Что касается метода обращения с культурно-историческим материалом, то из предыдущих соображений вытекает необходимость уже изначала (von vorneherein) рассматривать и изображать культурную историю как некоторое число параллельно друг другу идущих рядов. Если бы можно было усвоить всей культурной истории один индивидуальный тип, если бы только одна-единственная человеческая раса принимала деятельное участие в историческом процессе, а все другие были бы приговорены к пассивности, тогда можно было бы удержать и единую нить в изложении истории. Тогда не было бы помехой и то, что такая нить эмпирически (erfarhrungsm?ssig) обрывалась бы много раз, лишь бы можно было мысленно (gedankenm?ssig) продолжать ее далее. Цель, к которой она направлялась бы, была бы известна, а потому все извивы ее движения, хотя и терялись бы здесь и там во мраке, были бы определены, по крайней мере, в своих наиболее общих формах, и пробелы в конкретном явлении истории – те места, где общая нить фактически обрывается и должна быть снова завязана, – могли бы быть если и не заполнены, то твердо ограничены и поняты в их прагматизме. Цель, к которой стремилось бы такое историческое изображение, была бы дана, само собою разумеется, в настоящей фазе культуры, на которой покоится наше историческое сознание и действование. Тогда дело было бы лишь в понимании этого одного культурного мира, поскольку оно было бы обусловлено раскрытием законов развития прежних культурных фаз, на которых основана настоящая. Как при таком предположении одного типа для человечества была бы только одна собственно историческая культура, так, соответственно этому, был бы возможен только один путь исторического воззрения. Перед единым и исключительно правомочным типом культуры все другие фактические проявления человечества имели бы тогда лишь настолько цены и значения, насколько эта одна культура пользуется или когда-нибудь пользовалась ими как своим пассивным материалом. Из такого понимания выходило бы тогда теоретически и абсолютное право этой единственной культуры совершенно разрушать все другие ей противостоящие формы человеческого существования, как недостойные такого существования, чтобы ставить на их место свое собственное могущество и наполнять всю землю своими произведениями (Gebilden), за неимением никаких других, соответствующих понятию исторического назначения человека и человечества.
Но такое исключительное понятие о существовании и праве одного-единственного великого культурного типа опровергается уже самим опытом, признающим наличность и независимое существование, в настоящем или в прошедшем, многих таких типов, а это уже дает некоторое право заключить, что также и в будущем их будет много.
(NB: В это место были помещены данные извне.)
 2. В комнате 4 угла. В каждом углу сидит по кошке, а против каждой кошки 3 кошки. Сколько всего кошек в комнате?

С некоторой высшей точки зрения уже оказалось правомочие различных культурных типов на относительно вечное существование. Они до тех пор имеют право существовать в своем различии рядом друг с другом, пока понятие индивидуального типа владеет чувственною и духовною природой человечества, что по самому этому понятию совпадает вообще с продолжением человеческого бытия во времени. Этим, конечно, не исключается и та возможность, что в будущем наступит известное органическое взаимодействие различных великих культурных типов, и в настоящее время на это можно рассчитывать более, чем когда-либо, откуда можно вывести, как это легко усмотреть, весьма важное внутреннее доказательство действительного культурного прогресса нашей эпохи сравнительно с прошедшим. Ибо, таким образом, настоящее время стоит ближе, чем какой-либо из прежних исторических периодов, к осуществлению всеобщего идеала истории, к полному раскрытию целого человеческого типа или поставленных ему задач, что может произойти только чрез полное раскрытие всех индивидуальных типов и чрез необходимо обусловленное этим взаимодействие их между собою.
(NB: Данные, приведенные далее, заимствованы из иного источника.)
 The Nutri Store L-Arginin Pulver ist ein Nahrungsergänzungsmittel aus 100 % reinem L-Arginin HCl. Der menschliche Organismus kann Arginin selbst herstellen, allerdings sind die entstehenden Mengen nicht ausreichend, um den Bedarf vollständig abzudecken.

Но действительность, доходящая до нынешнего дня, не ручается за возможное будущее, для которого не исключены случайности всякого рода, ибо можно выставить также и ту гипотезу, что будущее вообще не пойдет по естественно указанному пути к достижению универсальной цели человеческого развития, а собьется на окольные дороги, которые приведут к погибели эту культурную индивидуальность, которою мы так гордимся (т. е. европейскую цивилизацию), прежде чем она достигнет своей органической цели. Или, чтобы перейти в конкретную область, можно представить и такую гипотезу, что то чаемое и логически необходимое взаимодействие между различными великими культурными типами человечества, которые изначала даны как индивидуальности и, следовательно, навеки необходимы, вовсе не произойдет и что ныне существующие на это виды окажутся обманчивым призраком. Вместо органического взаимнопроникновения будущее может привести к захватам (?bergreifen) одного типа на счет других и к погибели этих последних, как уже не раз случалось, по свидетельствам исторического опыта. Достаточно сослаться на старую американскую культуру и ее полную гибель при столкновении с одною из прежних форм нашей собственной культуры, чтобы иметь эмпирически неопровержимый пример.
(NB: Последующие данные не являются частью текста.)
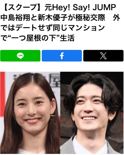 据相关媒体报道,演员歌手中岛裕翔和新木优子正在热恋中,知情人士透露新木优子在今年夏天搬进了中岛楼上的公寓,开启了“半同居”的生活。对此,又相关媒体就交往及结

Во всяком случае, из этих различных возможностей мы получаем тот вывод, что историческая действительность настоящим мышлением не может быть расположена по одной нити (nicht an einem Faden zu reihen ist). Поэтому, если хотят удержать как предмет наблюдения всю совокупность человеческого развития в истории, то не может быть речи о том, чтобы бросить другие нити в пользу одной только потому, что удобнее при обзоре иметь в руках одну нить». [265]
265
R?ckert. I, 93—96.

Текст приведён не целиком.